• **Supplied material**:
────────────────

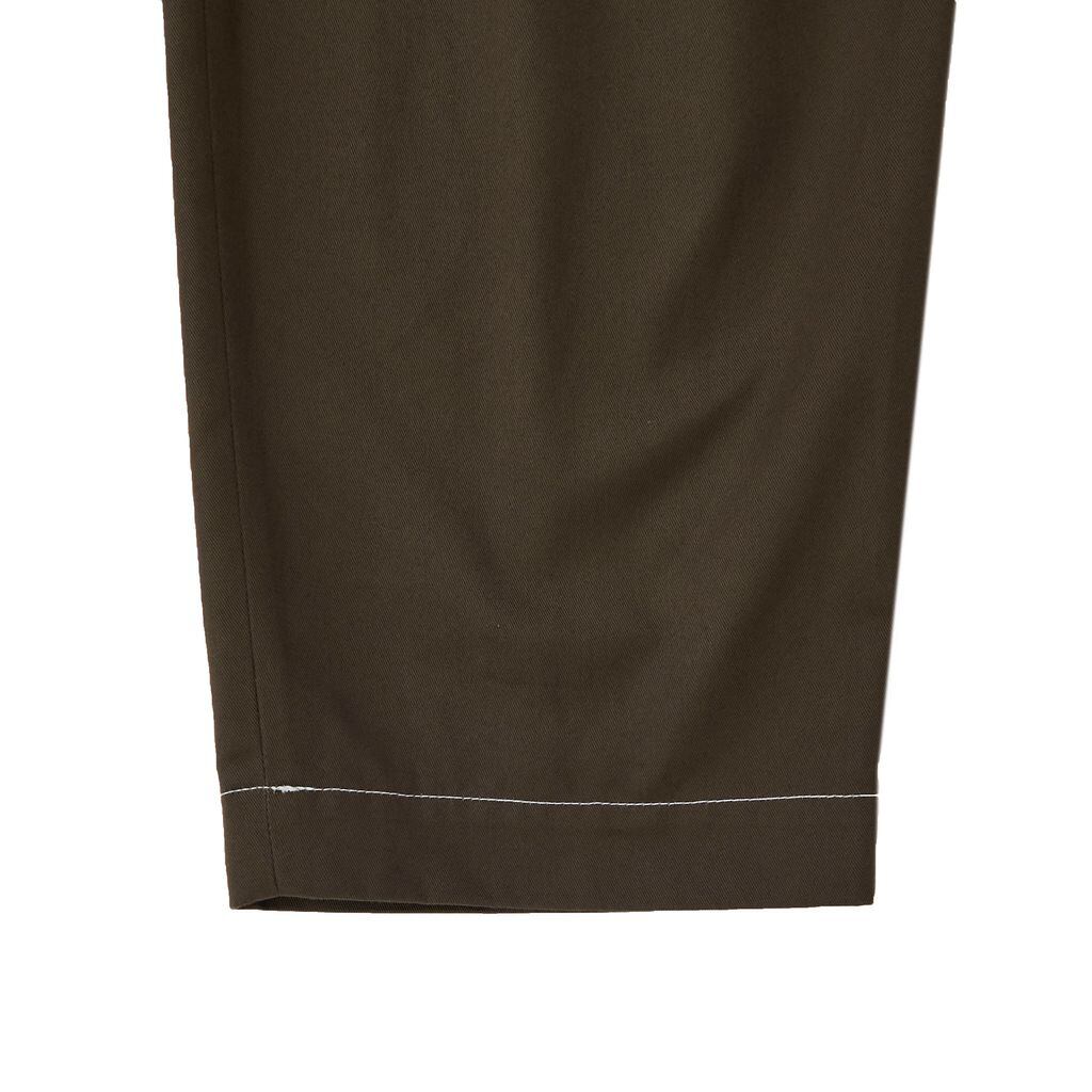ワイドなシルエットながらシューズを選ばないブランドが得意とするリラックスフィットとラウザーズに、90年代に一世風靡した巨大なヒップポケットと配色ステッチのスケーターパンツ仕様。日本製の良質な肉厚チノを使用。
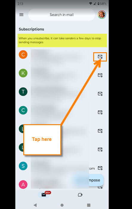 Step 4: You are now on the Subscriptions screen where all the email subscriptions attached to your Gmail are. Look to the right of the one you want to unsubscribe from. You will see an envelope icon. Tap it.
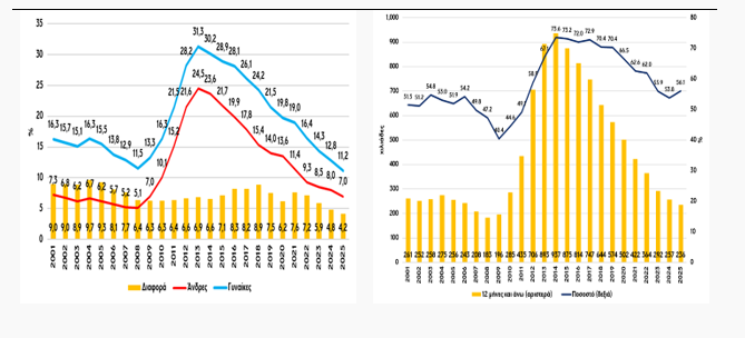 Στους άνδρες (60,6% το 2025 από 60,7% το 2024) παραμένει διαχρονικά υψηλότερο από το εθνικό ποσοστό. Εξάλλου, ο αριθμός των μακροχρόνια ανέργων βρίσκεται κάτω από τα επίπεδα των 300,0 χιλ. από το 2023, και το 2025 περιορίστηκε σε ετήσια βάση κατά 21,9 χιλ. στους 235,5 χιλ., αλλά το ποσοστό μακροχρόνιας ανεργίας αυξήθηκε στο 56,1% από 53,8% (Διάγραμμα 7-δεξιά).
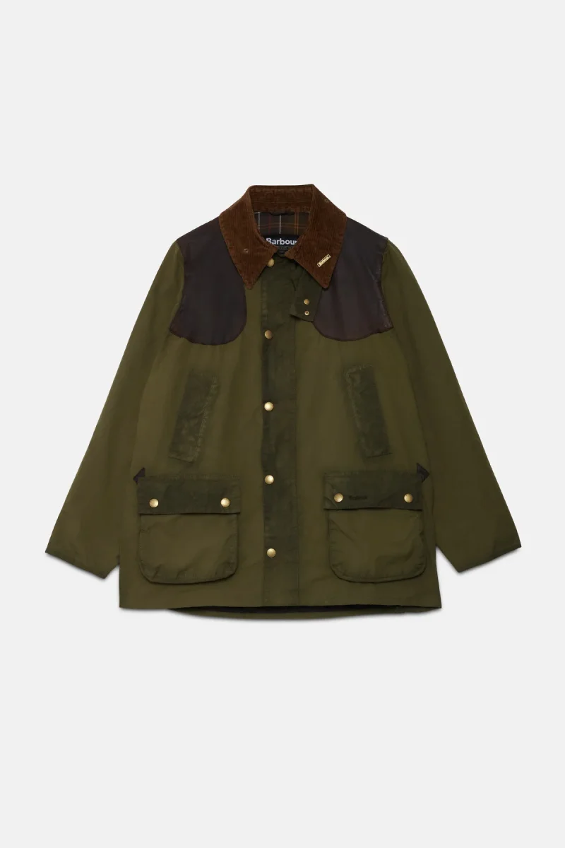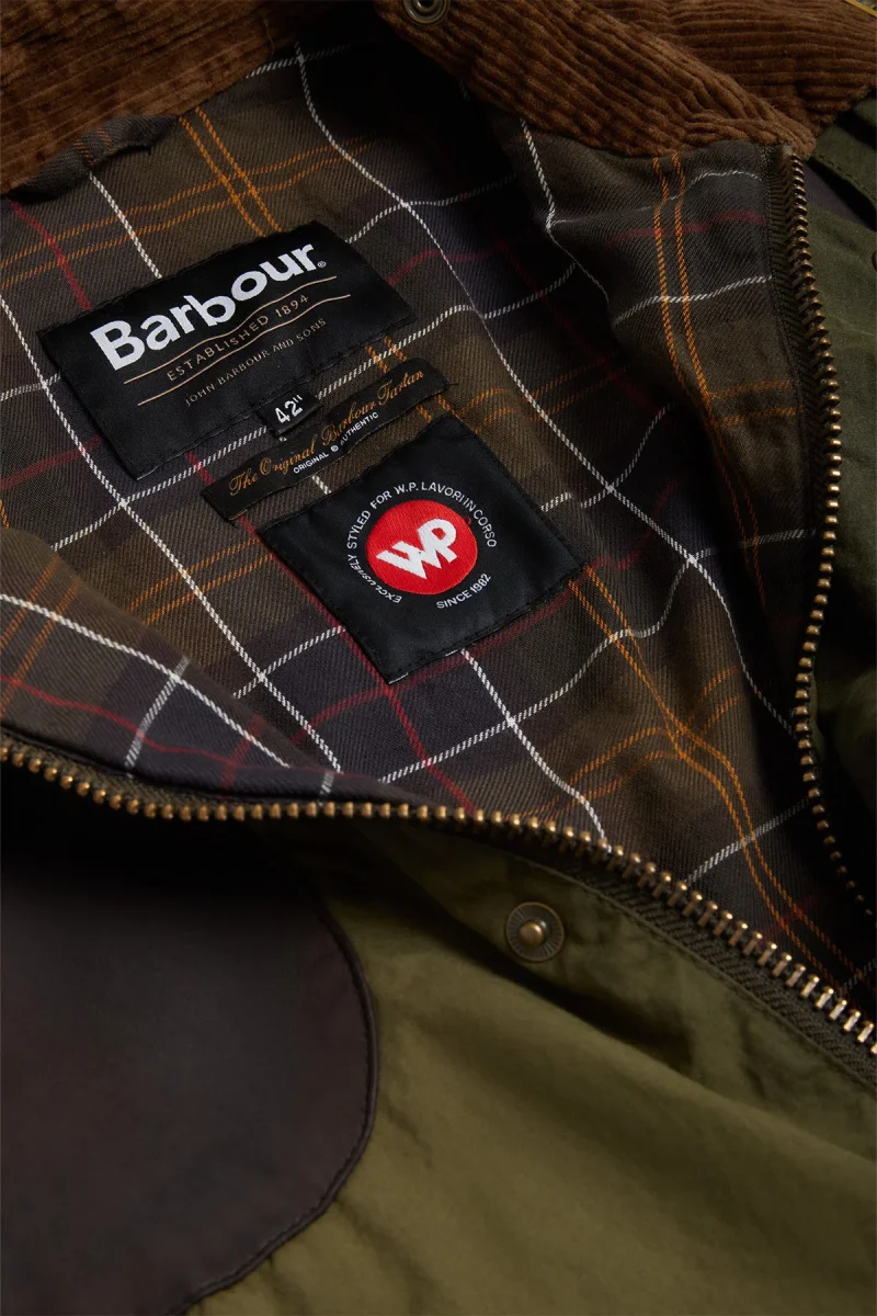 Barbour e WP hanno collaborato per creare il pacchetto SMU, una mini collezione pensata per riportare in vita i capi Barbour provenienti dall’archivio WP, unendo il DNA di Barbour con quello heritage di WP. La giacca cerata Bedale è una riedizione di un capo storico, reinterpretato utilizzando tecniche moderne che riproducono fedelmente tutti gli elementi iconici. La giacca è arricchita con materiali premium, come la pelle di manifattura inglese. L’esterno è realizzato in cotone cerato lavato con l’uso di pietre e sod, mentre l’interno è foderato in tartan classico. La giacca è caratterizzata da due tasche a toppa e due tasche a filetto sul davanti e presenta una chiusura con bottoni, offrendo un design senza tempo e funzionale.

────────────────

• **What you should do**:
The result should be an exact copy of the material, containing no pictures.

• **Task output**:
ワイドなシルエットながらシューズを選ばないブランドが得意とするリラックスフィットとラウザーズに、90年代に一世風靡した巨大なヒップポケットと配色ステッチのスケーターパンツ仕様。日本製の良質な肉厚チノを使用。
 Step 4: You are now on the Subscriptions screen where all the email subscriptions attached to your Gmail are. Look to the right of the one you want to unsubscribe from. You will see an envelope icon. Tap it.
 Στους άνδρες (60,6% το 2025 από 60,7% το 2024) παραμένει διαχρονικά υψηλότερο από το εθνικό ποσοστό. Εξάλλου, ο αριθμός των μακροχρόνια ανέργων βρίσκεται κάτω από τα επίπεδα των 300,0 χιλ. από το 2023, και το 2025 περιορίστηκε σε ετήσια βάση κατά 21,9 χιλ. στους 235,5 χιλ., αλλά το ποσοστό μακροχρόνιας ανεργίας αυξήθηκε στο 56,1% από 53,8% (Διάγραμμα 7-δεξιά).
 Barbour e WP hanno collaborato per creare il pacchetto SMU, una mini collezione pensata per riportare in vita i capi Barbour provenienti dall’archivio WP, unendo il DNA di Barbour con quello heritage di WP. La giacca cerata Bedale è una riedizione di un capo storico, reinterpretato utilizzando tecniche moderne che riproducono fedelmente tutti gli elementi iconici. La giacca è arricchita con materiali premium, come la pelle di manifattura inglese. L’esterno è realizzato in cotone cerato lavato con l’uso di pietre e sod, mentre l’interno è foderato in tartan classico. La giacca è caratterizzata da due tasche a toppa e due tasche a filetto sul davanti e presenta una chiusura con bottoni, offrendo un design senza tempo e funzionale.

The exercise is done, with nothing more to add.